Population (Dec 2012)
- • Total: 238
- • Density: 9.83/km^{2} (25.5/sq mi)
- Time zone: UTC+01:00 (CET)
- • Summer (DST): UTC+02:00 (CEST)
- Postal codes: 7110 Peiden 7114 Uors 7113 Camuns 7115 Surcasti 7116 Tersnaus
- SFOS number: 3599
- ISO 3166 code: CH-GR
- Localities: Camuns, Surcasti, Tersnaus, Uors-Peiden
- Surrounded by: Cumbel, Degen, Duvin, Sankt Martin, Vella, Vignogn
- Website: www.suraua.ch

= Suraua =

Suraua is a former municipality in the district of Surselva in the canton of Graubünden in Switzerland. The former municipality was formed on January 1, 2002, through the union of Camuns, Surcasti, Tersnaus, and Uors-Peiden.
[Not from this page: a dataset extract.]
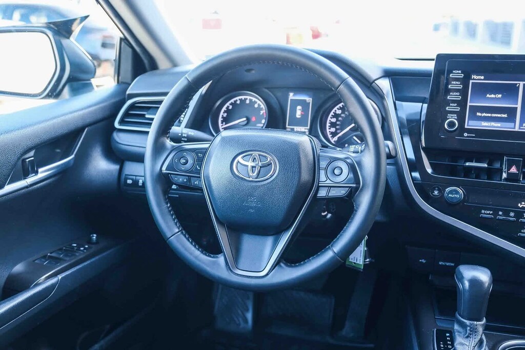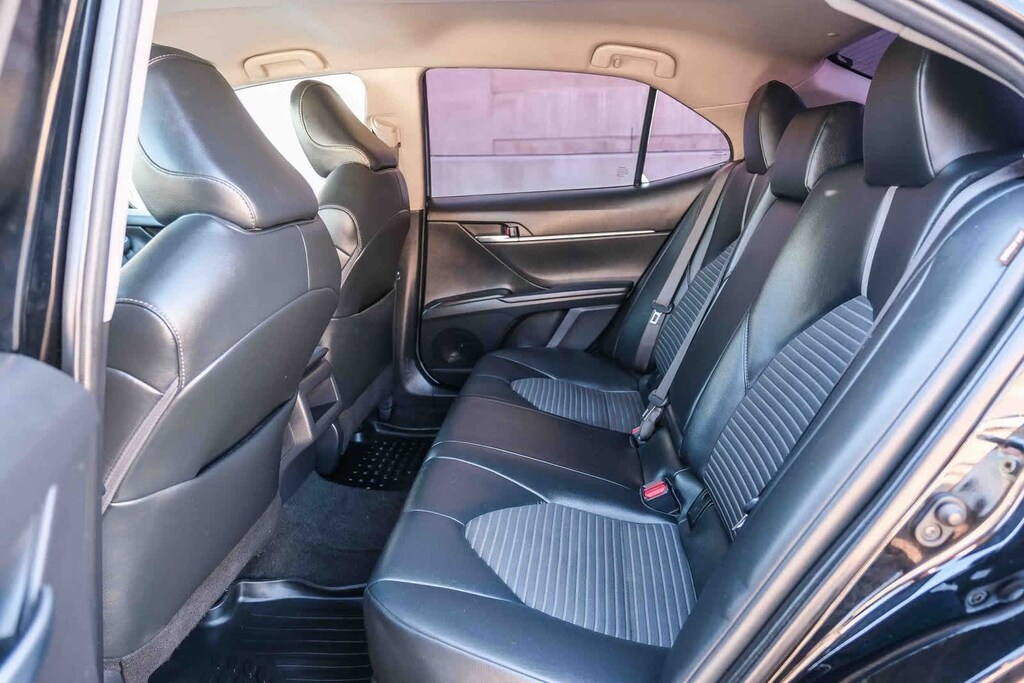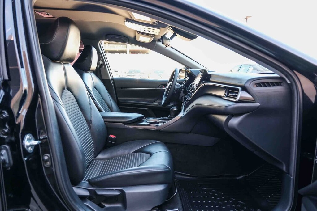 WELCOME TO TOYOTA OF DOWNTOWN LA... 2023 Toyota Camry SE Midnight Black Metallic FWD 8-Speed Automatic 2.5L I4 DOHC 16V Black w/Fabric Seat Trim, 6 Speakers, 8.0J x 18 Alloy Wheels, AM/FM radio: SiriusXM, Apple CarPlay/Android Auto, Exterior Parking Camera Rear, Power driver seat, Power steering, Power windows, Radio data system, Radio: Audio, Remote keyless entry, Spoiler, Steering wheel mounted audio controls. 28/39 City/Highway MPG Clean CARFAX.

The municipalities of Cumbel, Degen, Lumbrein, Morissen, Suraua, Vignogn, Vella, and Vrin merged on 1 January 2013 into the new municipality of Lumnezia.

==History==
The municipality was formed on 1 January 2002 through the merger of Camuns, Surcasti, Tersnaus, and Uors-Peiden.
- Camuns is first mentioned in 1543 as Gamundtz.
- Surcasti is first mentioned in 1515 as Oberkastels and until 1943 it was known by its German name of Obercastels.
- Tersnaus is first mentioned in 1362 as Terzenaus.
- Uors was first mentioned in 831 as villa Vorce, and in 1290 as Furze. Peiden was first mentioned in 1345 as Pedens.

==Coat of arms==
The municipal coat of arms is Vert a Bend wavy Azure fimbriated Argent and overall an Annulet of the last and a Mullet of Four Or frettee.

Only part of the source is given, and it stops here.